**Data listing:**
================
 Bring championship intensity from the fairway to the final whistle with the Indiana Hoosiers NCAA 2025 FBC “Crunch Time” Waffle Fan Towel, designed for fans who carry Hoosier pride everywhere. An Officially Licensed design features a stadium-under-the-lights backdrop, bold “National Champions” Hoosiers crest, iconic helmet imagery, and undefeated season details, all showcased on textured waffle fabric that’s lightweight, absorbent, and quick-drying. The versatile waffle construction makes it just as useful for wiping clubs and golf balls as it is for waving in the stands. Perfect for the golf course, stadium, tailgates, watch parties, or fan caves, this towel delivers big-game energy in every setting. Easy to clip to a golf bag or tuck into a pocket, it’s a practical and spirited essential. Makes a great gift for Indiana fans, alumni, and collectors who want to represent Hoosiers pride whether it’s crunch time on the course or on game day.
================
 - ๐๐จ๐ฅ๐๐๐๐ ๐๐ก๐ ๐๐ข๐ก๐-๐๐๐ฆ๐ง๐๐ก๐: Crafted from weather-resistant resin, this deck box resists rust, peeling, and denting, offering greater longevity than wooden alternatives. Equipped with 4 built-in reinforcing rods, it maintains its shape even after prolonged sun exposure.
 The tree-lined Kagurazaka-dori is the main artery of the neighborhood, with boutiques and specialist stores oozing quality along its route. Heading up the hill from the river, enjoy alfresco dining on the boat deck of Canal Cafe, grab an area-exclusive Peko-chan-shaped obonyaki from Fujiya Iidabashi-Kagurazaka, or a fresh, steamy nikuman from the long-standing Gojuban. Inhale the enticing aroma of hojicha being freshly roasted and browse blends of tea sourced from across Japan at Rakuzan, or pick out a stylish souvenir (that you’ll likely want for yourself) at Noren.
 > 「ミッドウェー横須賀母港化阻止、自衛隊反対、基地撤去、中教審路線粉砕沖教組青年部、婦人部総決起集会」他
================
**What the exercise asks:**
Search the data above for the string "from". Report every line where it is found.

**Written answer:**
 Bring championship intensity from the fairway to the final whistle with the Indiana Hoosiers NCAA 2025 FBC “Crunch Time” Waffle Fan Towel, designed for fans who carry Hoosier pride everywhere. An Officially Licensed design features a stadium-under-the-lights backdrop, bold “National Champions” Hoosiers crest, iconic helmet imagery, and undefeated season details, all showcased on textured waffle fabric that’s lightweight, absorbent, and quick-drying. The versatile waffle construction makes it just as useful for wiping clubs and golf balls as it is for waving in the stands. Perfect for the golf course, stadium, tailgates, watch parties, or fan caves, this towel delivers big-game energy in every setting. Easy to clip to a golf bag or tuck into a pocket, it’s a practical and spirited essential. Makes a great gift for Indiana fans, alumni, and collectors who want to represent Hoosiers pride whether it’s crunch time on the course or on game day.
 - ๐๐จ๐ฅ๐๐๐๐ ๐๐ก๐ ๐๐ข๐ก๐-๐๐๐ฆ๐ง๐๐ก๐: Crafted from weather-resistant resin, this deck box resists rust, peeling, and denting, offering greater longevity than wooden alternatives. Equipped with 4 built-in reinforcing rods, it maintains its shape even after prolonged sun exposure.
 The tree-lined Kagurazaka-dori is the main artery of the neighborhood, with boutiques and specialist stores oozing quality along its route. Heading up the hill from the river, enjoy alfresco dining on the boat deck of Canal Cafe, grab an area-exclusive Peko-chan-shaped obonyaki from Fujiya Iidabashi-Kagurazaka, or a fresh, steamy nikuman from the long-standing Gojuban. Inhale the enticing aroma of hojicha being freshly roasted and browse blends of tea sourced from across Japan at Rakuzan, or pick out a stylish souvenir (that you’ll likely want for yourself) at Noren.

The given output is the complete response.